== Segment start ==
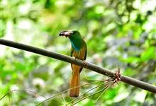 蓝须夜蜂虎是佛法僧目、蜂虎科的鸟类,体长约30厘米,是绿色林栖型蜂虎,蓝色的胸羽蓬松,嘴厚重而下弯。成鸟顶冠淡蓝,腹部棕黄带绿色纵纹。尾羽腹面黄褐。亚成鸟全身绿色。喉、胸部中央的羽甚长和亮色;该物种…全部>>
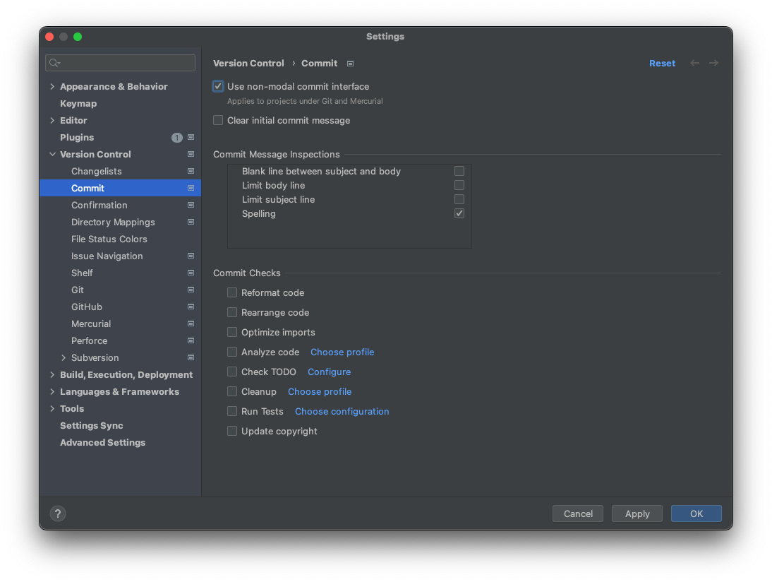 Settings > Version Control > Commit
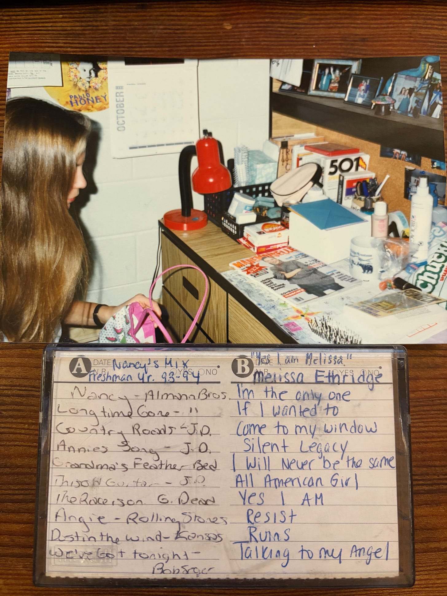 My Nancy was beautiful, smart, funny, and had great taste in music, introducing me to country and folk singers like John Denver, Johnny Cash, and her favorite, the Indigo Girls, which soon became mine. We also both loved the 1993 Melissa Etheridge album, Yes I Am, our favorite track was, of course, “Come to My Window,” which we’d belt out while walking through campus on late night walks home. Nancy had the better voice, sweet and raspy, and I loved listening to her.
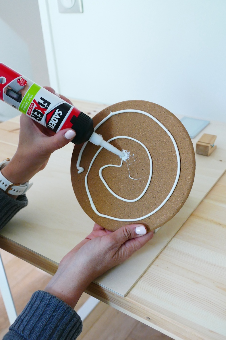 Étape 3 : Positionner les éléments à coller sur la planche de bois : le support en liège, la poche de cuir, une pince de bois, des post its…Lire la suite
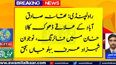 راولپنڈی: تھانہ صادق آباد کے علاقے ڈھوک کالا خان میں فائرنگ، نوجوان شہزاد عرف ببلو جاں بحق
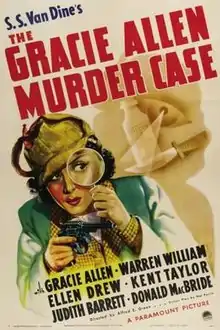 The Gracie Allen Murder Case is a 1939 American comedy mystery film taken from the Philo Vance series by writer S.S. Van Dine and directed by Alfred E. Green from a screenplay by Nat Perrin. The film stars the female member of the comedy duo Burns and Allen Gracie Allen, Warren William, Ellen Drew, Kent Taylor, Judith Barrett, Donald MacBride and Jed Prouty. The film was released on June 2, 1939, by Paramount Pictures.[1][2]
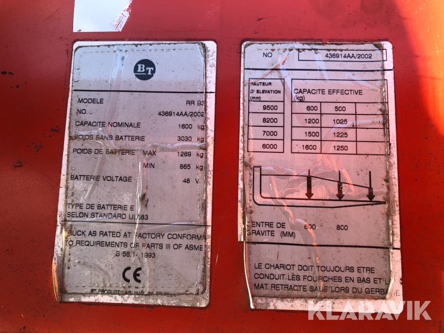 Skjutstativtruck BT RR B3 med laddare
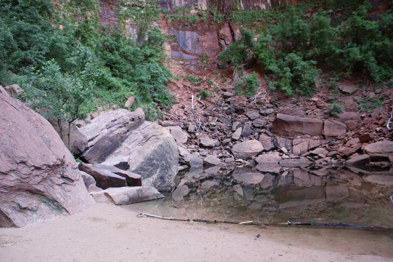 An den Upper Pools war es aufgrund der Tageszeit schon sehr schattig und kühl, was aber die mystische Stimmung im Schatten der nahen und fast rundherum steilen Canyonwände nur noch verstärkte
== Segment end ==
REQUIREMENT: Both the line above containing "Étape 3 : Positionner" and the line containing "راولپنڈی: تھانہ صادق" belong in the copy, along with every line between them; print these exactly and omit the pictures.

EXERCISE RESULT:
 Étape 3 : Positionner les éléments à coller sur la planche de bois : le support en liège, la poche de cuir, une pince de bois, des post its…Lire la suite
 راولپنڈی: تھانہ صادق آباد کے علاقے ڈھوک کالا خان میں فائرنگ، نوجوان شہزاد عرف ببلو جاں بحق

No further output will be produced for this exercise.